I think it’s the grand ambition of the project that I love – the mad schoolboy sci-fi ‘what-if?’. A bunch of astroscience hippies persuaded space agency Nasa to do it, then they just had weeks to pull it together.

How Chuck Berry made it and The Beatles didn’t is for a separate discussion, but in terms of a project that elevates me above the humdrum and inspires’ what-ifs’ of my own, it’s right up there.

When I was 17, I started to read a book that I really couldn’t decipher. However, it moved me greatly. My understanding of it came through feeling rather than any intellectual assessment. The book -Memories, Dreams, Reflections by CG Jung – changed my creative life.

If you look on my bookshelves at home, you’ll find that the design books are far outnumbered by others on the nature of thought. I’ve always tried to find new ways to think about my work and how to approach it. Jung’s tome Memories, Dreams, Reflections is a touchstone.

Back then I began to record my dreams. At first it was a rather haphazard endeavour, but these days it’s a cherished discipline. The rewards are bountiful. A whole array of creative solutions have come directly from this source.

We all have extraordinary internal worlds and it takes so little to embrace them, yet life is so much richer for it.

This little quote of Jung’s I think says it all: ‘The world today hangs by a thin thread, and that thread is the psyche of man.’

So for me it all comes down to one thing – the quality of our thought is the quality of our future. You can apply that to anything, but most especially to our creative processes.

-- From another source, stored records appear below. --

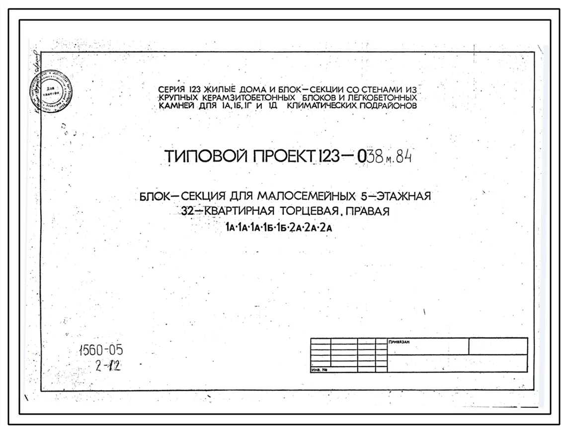 Типовой проект 123-038м.84 Блок-секция для малосемейных 5-этажная 32-квартирная торцевая (левая и правая) 1А.1А.1А.1Б.1Б.2А.2А.2А
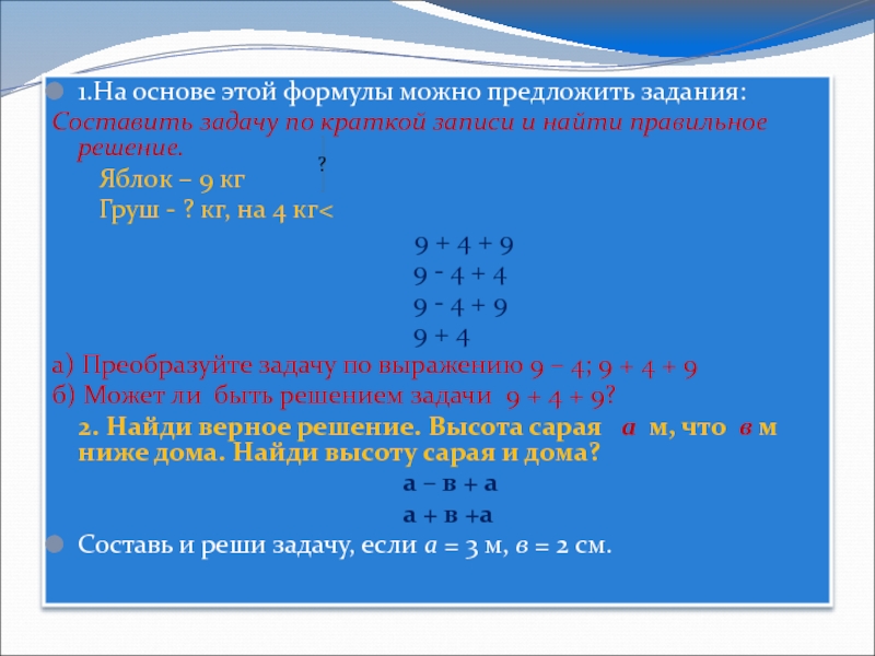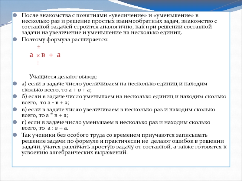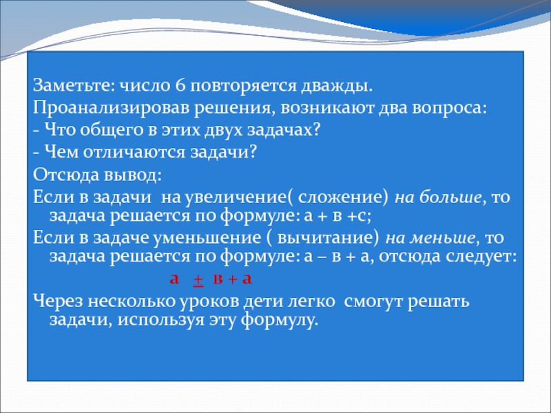 Далее отрабатываются решения любых аналогичных задач.
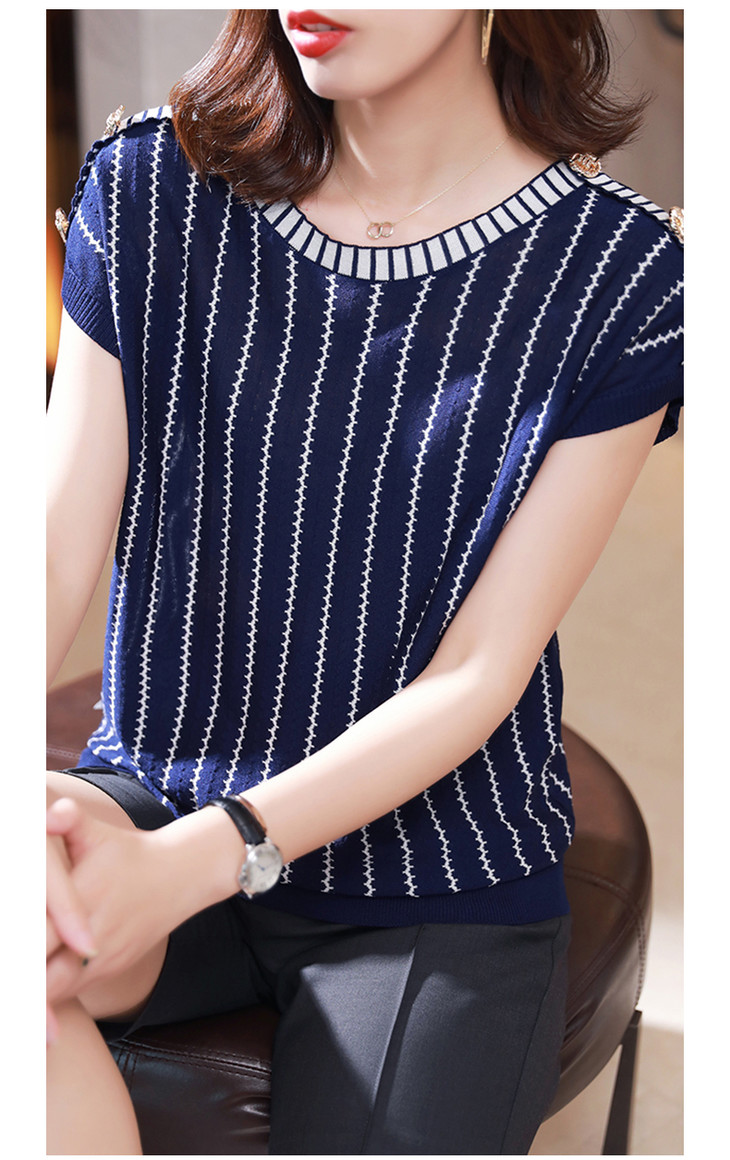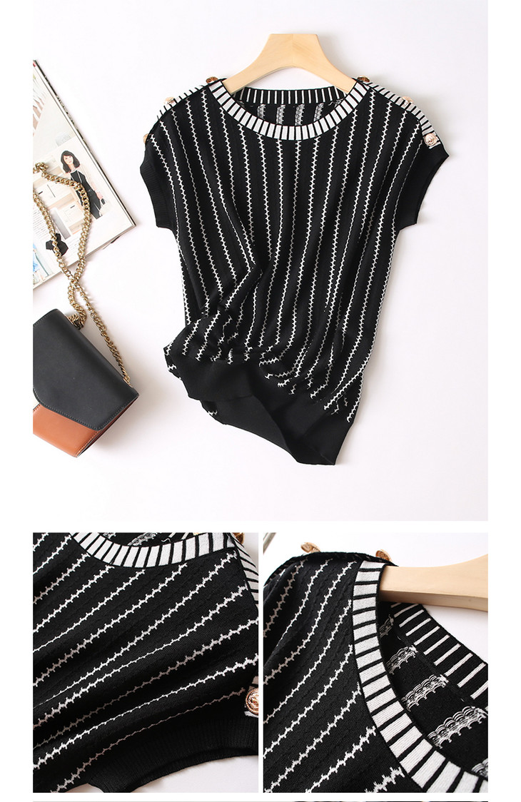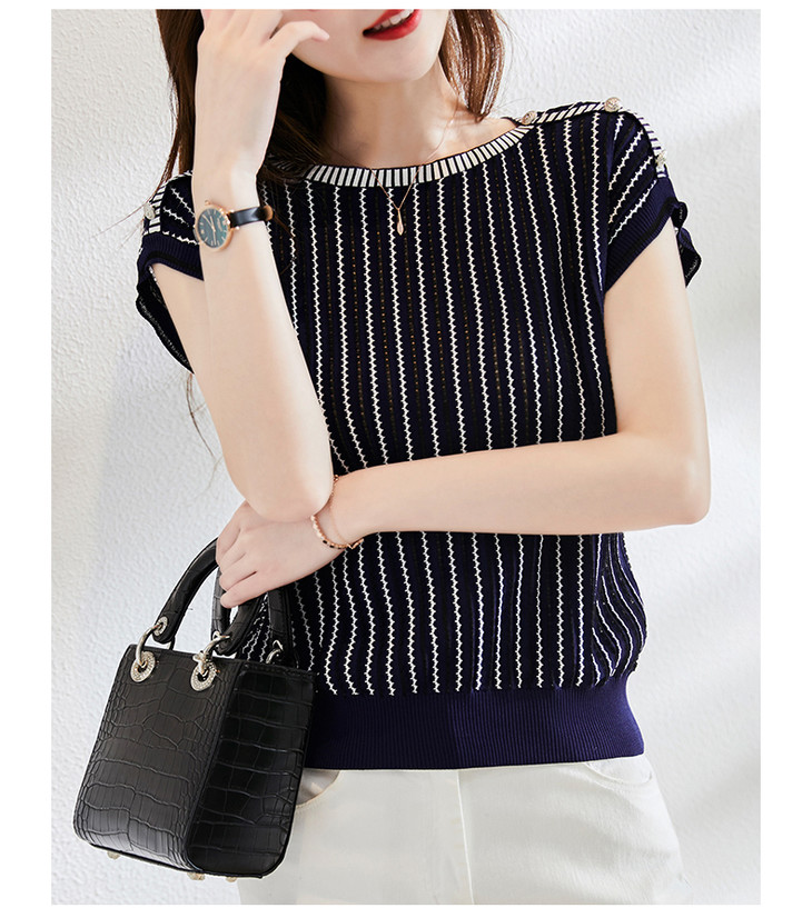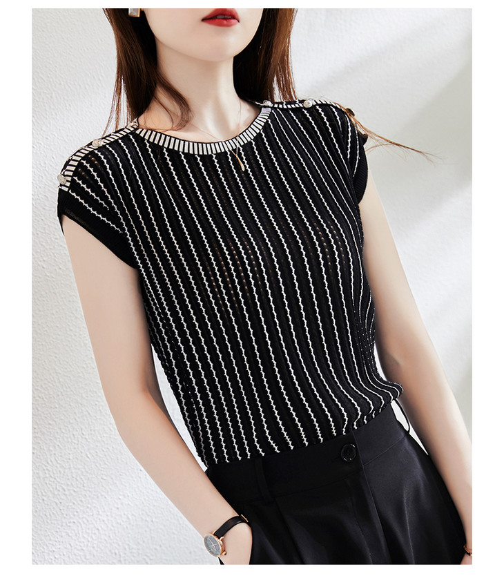 溫柔好穿 2020夏季豎條紋冰絲無袖針織衫
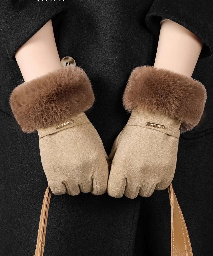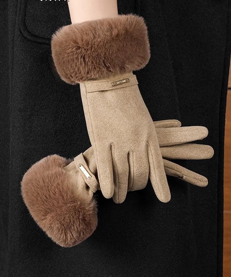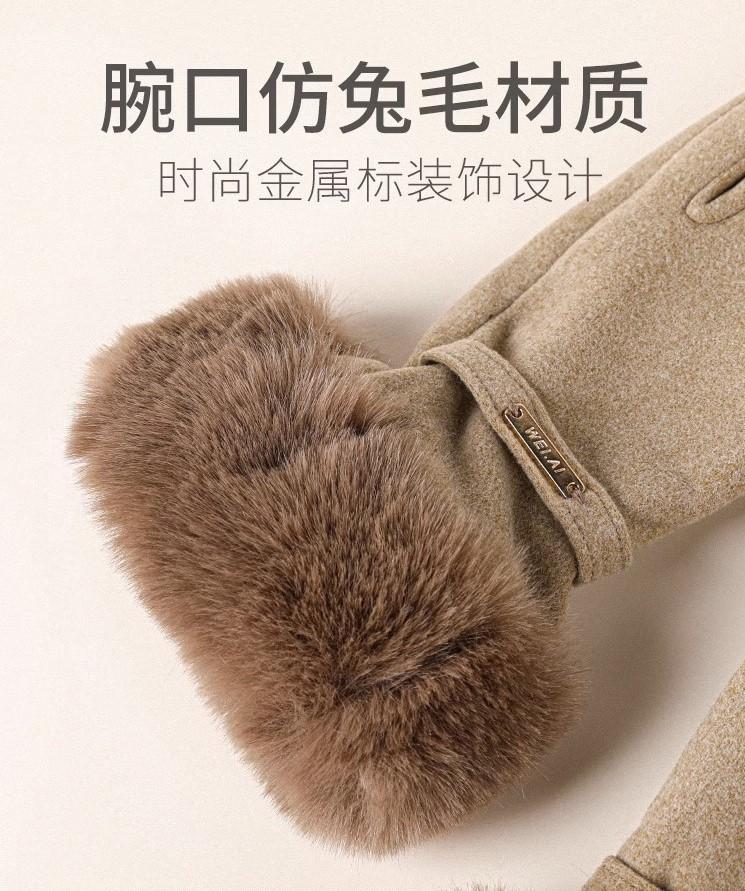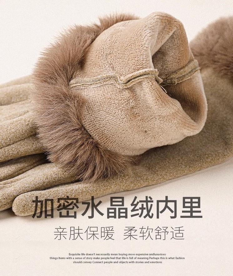 Luvas de Pelúcia Atacado para Mulheres no Outono e Inverno Veludo Alemão Estilo Coreano Luvas de Ciclismo Sem Dedos Tela Sensível ao Toque Mais Veludo Espessas Quentes

Since that first naive read I have been back many times. Each time it appears to be a different book – a marker, I guess, to how I am changing.

MIKE DEMPSEY, Studio Dempsey
My first inclination was to cite the great Josef Müller-Brockmann, for it was his book The Graphic Artist and His Design Problems that was responsible for my Damascus moment back in the 1960s. But a little later, when I started to spread my graphic wings, it was another man who had a profound effect on my work. He is probably unknown to most, but to me he is a hero. I became so attached to Jack Larkin’s work that I used to remove his jackets from library books. Forty years on I still have them, and I still get a buzz from looking at them.

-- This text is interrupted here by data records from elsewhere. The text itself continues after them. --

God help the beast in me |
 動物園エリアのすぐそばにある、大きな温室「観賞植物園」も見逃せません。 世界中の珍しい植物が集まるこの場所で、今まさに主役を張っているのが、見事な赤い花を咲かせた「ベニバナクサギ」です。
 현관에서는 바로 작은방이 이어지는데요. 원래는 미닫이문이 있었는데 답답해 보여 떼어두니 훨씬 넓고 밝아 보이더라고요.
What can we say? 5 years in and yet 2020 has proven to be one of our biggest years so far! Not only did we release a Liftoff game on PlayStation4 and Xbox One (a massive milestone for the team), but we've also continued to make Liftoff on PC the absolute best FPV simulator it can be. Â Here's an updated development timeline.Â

Larkin was briefly art director of Good Housekeeping in the 1960s, and in parallel he undertook many book cover commissions. It was his work in this area that I admired so much. His covers were vibrant and economical, and featured his characteristically immediate style of illustration.

The cover that I still rate is Joby – it epitomises Larkin’s ability to be both graphic designer and illustrator. He moved back to his native Australia in the 1970s and taught for many years. Now in his 80s, Larkin lives quietly in Melbourne.

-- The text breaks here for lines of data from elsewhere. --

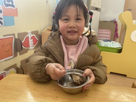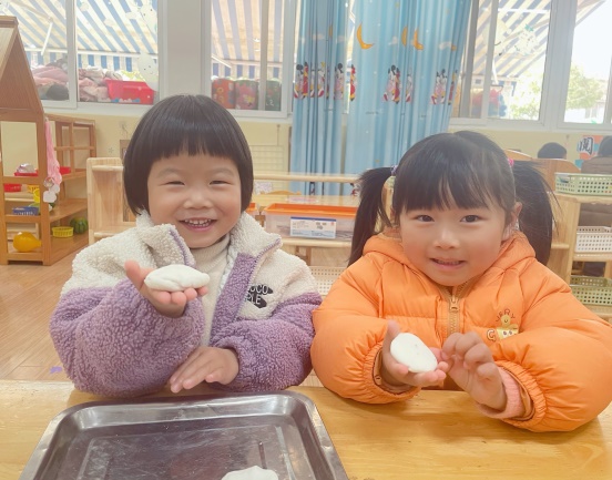 孩子们吃着糯糯的糕,露出了甜甜的笑,自己动手做出的糕,好像比平时更加美味呢!
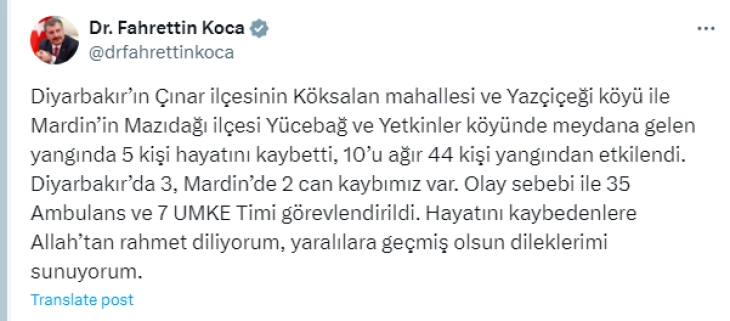 „Пет лица загинаа, а 44 се повредени, од кои 10 потешко“, кога пожар зафати две области во близина на југоисточниот град Мардин, напиша министерот за здравство Фахретин Коџа на X, поранешен Твитер.
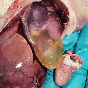 Avlivet kylling med væske i hjerteposen, perikardvæske.
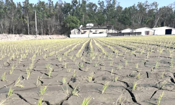 近日,台北市大安区稻田干涸龟裂。图源:台媒
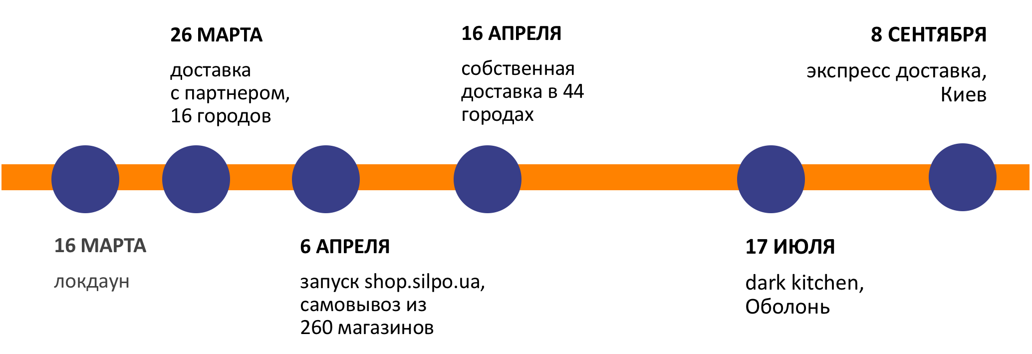 Коли в середині березня стало зрозуміло, що буде локдаун, перед нами стояло завдання надати гостям у всіх містах присутності Сільпо можливість замовляти продукти онлайн. Протягом двох тижнів нам потрібно було запустити онлайн-магазин і послугу самовивозу продуктів у всіх магазинах мережі (на той момент їх було 260). Так, 26 березня ми запропонували доставку продуктів з сервісом Glovo в 16-ти містах; 6 квітня – у нас запрацював інтернет-магазин shop.silpo.ua, і з’явилася послуга самовивозу; 16 квітня в 44-х містах з’явився власний сервіс планової доставки з двогодинними слотами, а через 10 днів ми підключили до цієї послуги решту міст, де присутні супермаркети Сільпо.
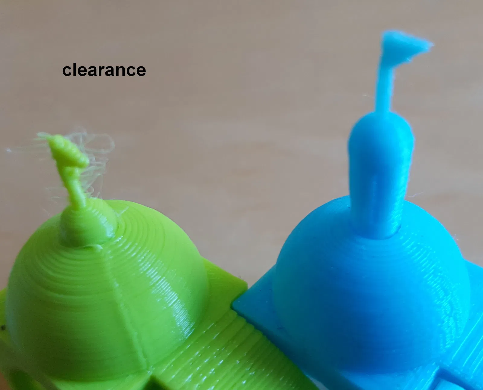 - “clearance” - Nếu lồng đèn vừa khít bên trong như ở bên trái, có độ hở bằng không - điều này không nên xảy ra vì bề mặt bị nhám và không thể khớp chính xác. Vì vậy, bạn có thể bị lỗi under-extrusion, hoặc filament co giãn như trong hình. Nếu nó chỉ vừa khít một chút, bề mặt mô hình (với độ nhám) nhô ra 0.4 mm (có thể do chân voi). Thông thường nó sẽ vào được một nửa. Có các vết lõm khác nhau ở hai bên lồng đèn để bạn có thể dùng làm thước đo mà không cần đo.

MALCOLM GARRETT, Applied Information Group
Over the course of the years I have had many heroes, so naming just one would always be a difficult task. Some are obvious, such as Andy Warhol, or the teachers at the Bauhaus, and I’ve cited Barney Bubbles many times in the past, but there are many who are somewhat more obscure.

I’ve always been inspired by the unsung talents that are found on the fringes, and haven’t quite achieved the levels of fame that perhaps they warrant. I’m inclined to say some of my heroes appeal more for a sense of notoriety than for any specific creative successes.

It is an attitude and approach that inspires me. It is for these reasons that I choose Cal Schenkel, for his anarchic, creative collaborations with Frank Zappa and The Mothers of Invention in the late 1960s and early 1970s.

His work had a cerebral, if not an obviously stylistic, influence on my early attitude to design, and naturally influenced my own record sleeve design, in quite subtle ways. His work was chaotic yet arresting, and usually visually challenging. His work could not often be called ‘beautiful’.

Most importantly for me, though, was that it was imbued with numerous layers of detail – further meanings and links to other works were implied, forming part of what Zappa described as a ‘conceptual continuity’. I took that statement to heart and it continues to inform my own design to this day.